Por que é tão difícil encontrar propósito e sentido na vida?

Encontrar propósito e sentido na vida é um dos maiores desafios da nossa geração. Vivemos em um tempo em que tudo parece precisar ter um motivo grandioso: ser produtivo, ser feliz, ter sucesso, fazer a diferença. Mas, no meio de tantas cobranças e comparações, é comum sentir-se perdido, como se todo mundo soubesse o que quer da vida — menos você. E o que quase ninguém diz é que está tudo bem ainda não saber. A busca por propósito não é sinal de fraqueza, e sim uma parte natural da jornada humana.

Nosso cérebro, por exemplo, foi projetado para buscar segurança, não sentido. Ele tenta nos proteger de tudo que representa mudança, incerteza ou risco. Por isso, cada vez que tentamos sair do piloto automático, buscar algo novo ou repensar nossos caminhos, sentimos medo e ansiedade. É a forma que o corpo encontra de dizer “cuidado”. O problema é que, quando deixamos esse medo comandar nossas decisões, acabamos ficando presos na zona de conforto — e nela é quase impossível encontrar propósito.

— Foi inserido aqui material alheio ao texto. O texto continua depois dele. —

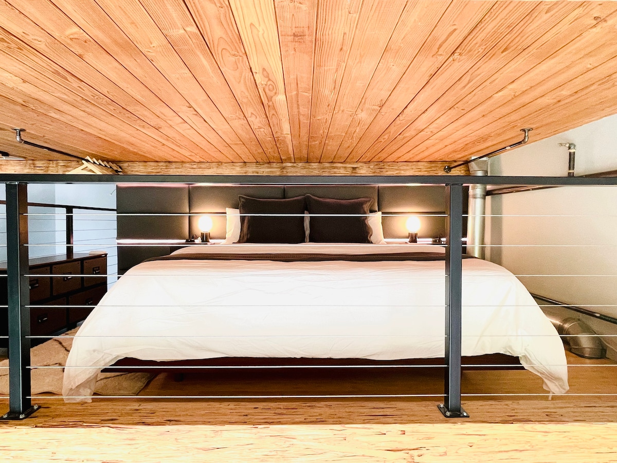 历史悠久的市中心阁楼,天花板高 16 英尺,带车库和 97 平方英尺的卫生间!

Outro obstáculo vem da comparação constante. Vivemos cercados de imagens e histórias de sucesso nas redes sociais, e acabamos acreditando que propósito tem a ver com status, dinheiro ou reconhecimento. Mas, na realidade, o sentido está nas pequenas coisas que nos conectam com quem somos: cuidar de alguém, aprender algo novo, criar, ajudar, crescer. O extraordinário está, muitas vezes, no simples.

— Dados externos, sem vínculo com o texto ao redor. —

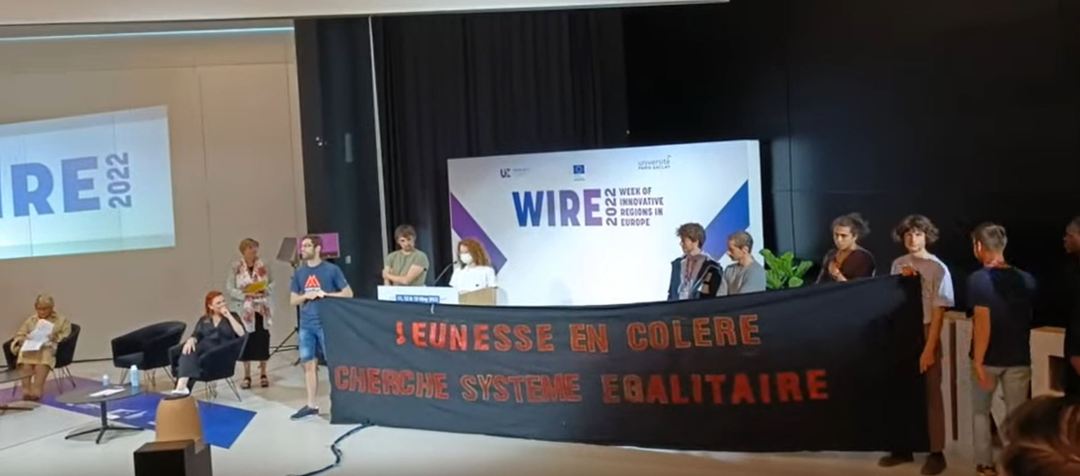 Un collectif d'étudiant·es et de personnels de l'université Paris-Saclay a interpellé la présidente de l'université à l'occasion de la Week of Innovative Regions in Europe, le mercredi 11 mai 2022. Nous reproduisons ici, à la demande du collectif, le texte qui a été lu.

Também é difícil encontrar propósito quando ainda não nos conhecemos de verdade. Muita gente vive tentando atender expectativas — da família, da sociedade, do trabalho — e se desconecta do que realmente sente e valoriza. O autoconhecimento é essencial porque o propósito nasce do encontro com a própria essência. E é exatamente aí que a psicoterapia pode ajudar: ela cria um espaço de escuta e reflexão, onde você pode compreender suas emoções, identificar seus valores e reconstruir uma vida mais alinhada ao que faz sentido pra você.

Outro ponto importante são as crenças que nos limitam. Pensamentos como “não sou bom o bastante”, “já é tarde demais” ou “não posso mudar de caminho” bloqueiam o movimento. A verdade é que o propósito não é algo que se encontra de uma vez só, mas algo que se constrói pouco a pouco, à medida que nos permitimos experimentar. É no erro, nas tentativas e nos pequenos passos que o sentido aparece.

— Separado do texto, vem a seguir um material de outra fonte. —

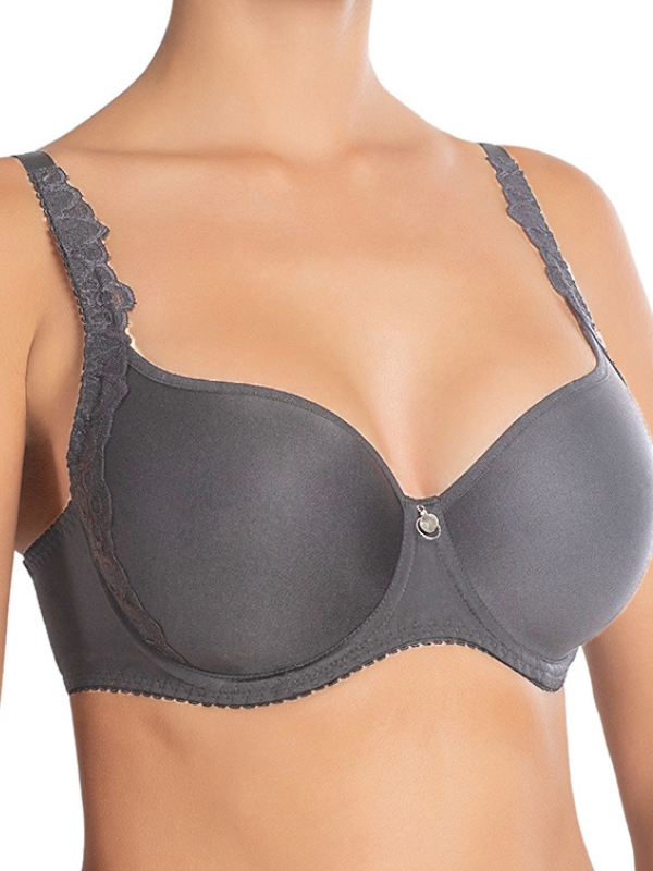 Sujetador con aros y una capa fina de espuma tipo spacer que deja que la piel transpire, con copa sin costura que no marca debajo de la opa ideal para ropa ajustada, hecho de microfibra suave color beige rosado con tirantes mas anchos resistentes al estiramiento y deformación. Parte trasera de encaje con tirantes ajustables en altura y cirre con ganchos.

E é preciso lembrar: propósito não precisa ser algo enorme. Ele pode estar em cuidar da saúde mental, em estar mais presente na família, em se dedicar a algo que te traga paz. O propósito não é sobre ter todas as respostas, mas sobre seguir curioso, aberto e comprometido com o que é verdadeiro em você. É um processo, e não um destino final.

Se você tem se sentido sem motivação, vazio, ou perdido sobre o caminho que está seguindo, saiba que não há nada de errado com você. Isso é um convite ao autoconhecimento, não um sinal de fracasso. A terapia é um espaço seguro para olhar para dentro, entender o que importa, desafiar crenças antigas e reconstruir sentido na sua história. Porque o sentido da vida não é algo que a gente descobre, mas algo que a gente cria, todos os dias, com coragem e gentileza.

Você não precisa fazer isso sozinho. A psicoterapia pode ser o primeiro passo para se reconectar com quem você é e com o que realmente faz sentido pra você. E, quando isso acontece, a vida deixa de ser uma busca e passa a ser um caminho com direção, presença e propósito.